What’s the code actually doing?

Last week, a friend of mine told me that one of his Web servers was brought low when Apache Cocoon, an open source document-publishing framework, filled up a disk volume with a log file. At that point, Cocoon — and the Apache Web server that it fed — quietly shut down.

Solving the problem by flushing the log took only a few minutes once the cause was identified. However, the situation brought out the cautionary tale that if we leverage bits we didn’t write ourselves, we’ll never know everything about how those bits will behave under every circumstance.

That’s not an issue exclusive to open source code, of course; it applies to commercial applications and middleware, Web services, hosted SaaS apps, and applications mashed together using SOA.

And there ain’t nuthin’ you can do about it, other than expect the unexpected all the time.

What about code that your development teams have written? Can you trust that you know everything that it’s doing? Of course not. In many cases, you have no idea what’s really going on behind the scenes. That’s true whenever you use external libraries, or generate code with wizards, or use just about any other feature of today’s higher-level languages.

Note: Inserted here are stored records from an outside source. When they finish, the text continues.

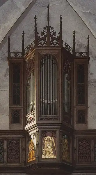 Het orgel heeft een bescheiden front waaraan duidelijk te zien is dat het voor een kapel is gebouwd. Het geheel -orgel, kas en windvoorziening- is onaangetast en origineel. Boven de lessenaar is een koperen cartouche aangebracht met de tekst Uit dankbaarheid/A.M.H.O.v.Rooijen/en/J.A.G.Wessels/St. Pieter bij Maastricht/october 1898. Waarschijnlijk worden hiermee de gevers van het orgel aangeduid.[1]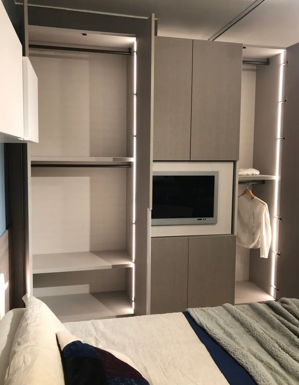 finitura armadio: melaminico Coco’, attrezzatura melaminico sesamo, fianchi melaminico pomice
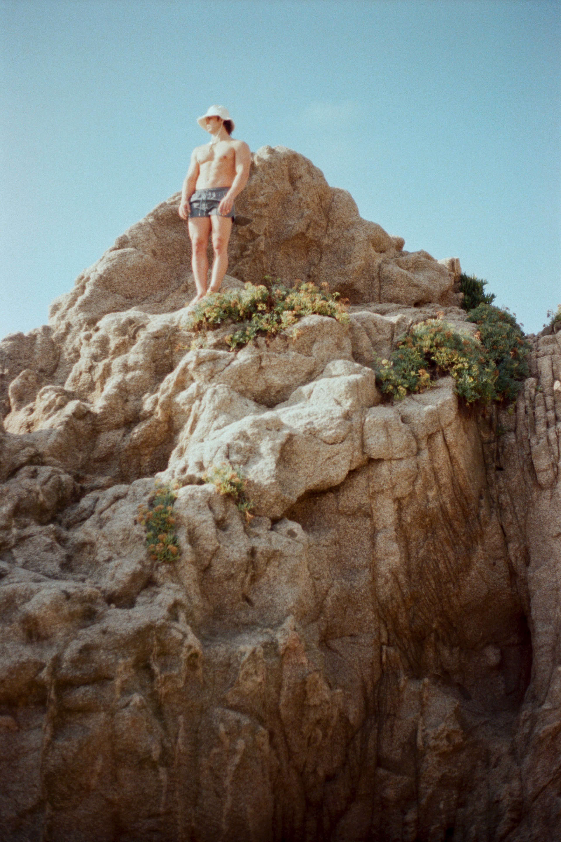 bucket hat — JACQUEMUS, swimwear — CALVIN KLEIN.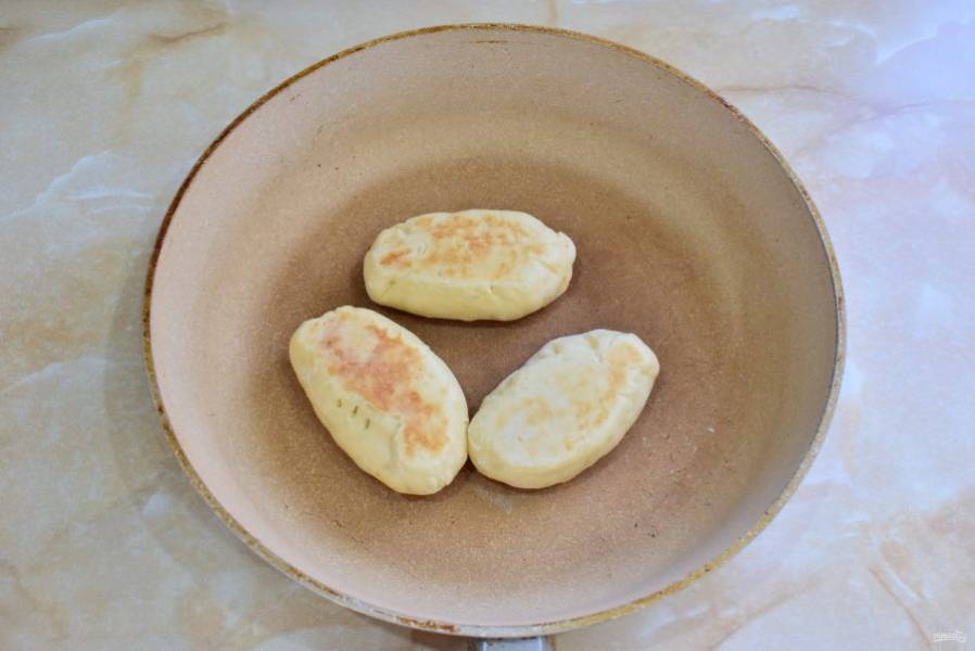 Жарьте пирожки с двух сторон. Постепенно они начнут румяниться.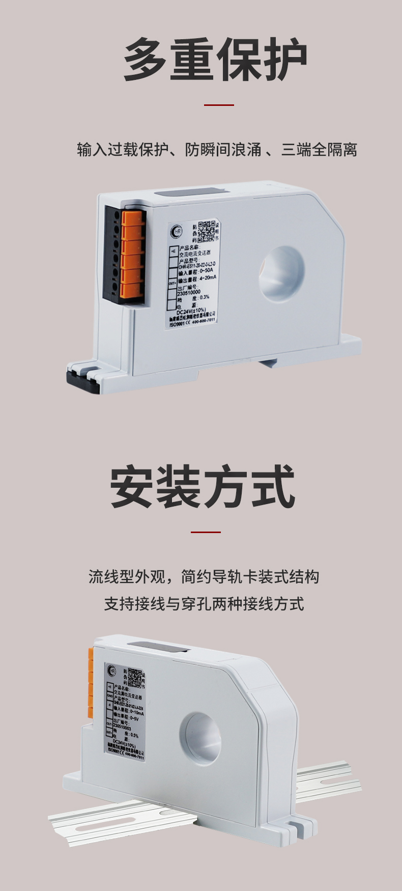 虹潤(rùn)公司是專業(yè)生產(chǎn)電流傳感器的國(guó)家專精特新“小巨人”企業(yè)。生產(chǎn)的交流電壓/電流變送器,具有交流電壓/電流輸入、高精準(zhǔn)測(cè)量、響應(yīng)速度快、高抗干擾、全隔離設(shè)計(jì)等特點(diǎn)。產(chǎn)品獲得一種交流信號(hào)變送器、交直流信號(hào)轉(zhuǎn)換電路、基于DCS技術(shù)的盤(pán)裝式三相電量表等3項(xiàng)國(guó)家發(fā)明專利,主持起草工業(yè)過(guò)程控制系統(tǒng)用模擬輸入兩位或多位輸出儀表國(guó)家標(biāo)準(zhǔn),直流漏電流傳感器規(guī)范、通信系統(tǒng)多通道數(shù)據(jù)采集控制終端規(guī)范等2項(xiàng)軍用標(biāo)準(zhǔn),以及現(xiàn)場(chǎng)設(shè)備集成等5項(xiàng)智能制造國(guó)家標(biāo)準(zhǔn),參與國(guó)際5G標(biāo)準(zhǔn)制定。產(chǎn)品廣泛應(yīng)用于工業(yè)自動(dòng)化、電力、新能源、科研實(shí)驗(yàn)基礎(chǔ)設(shè)施等需要電力參數(shù)監(jiān)測(cè)的領(lǐng)域。

This point was brought home recently in an excellent talk on machine architecture by Herb Sutter, a C++ guru and software architect at Microsoft. (In his spare time, Herb chairs the ISO C++ standards committee.) His two-hour talk, called “Machine Architecture: Things Your Programming Language Never Told You,” can be watched on Google Video, and should be required viewing for your architects and senior developers.

Regarding his talk, Herb writes, “Would you be surprised to discover that only about 1% (one percent) of all the transistors on your modern CPU exist to ever compute anything? And that the other 99% (ninety-nine percent) of your CPU’s transistors are essentially dedicated to nothing but hiding memory latency? Those are round numbers, of course. But you get the idea…”

Pass this link around your staff. Make some popcorn and set up a group viewing in a conference room. You’ll be glad you did.

And what about that Oct. 10th bug? Last week, I heard about a piece of integation glue logic that failed when, for the first time this year, a date field’s month/day went to four digits (1010). Since every previous instance had been two or three digits, the design flaw in the new mashup app went undetected. Whoops!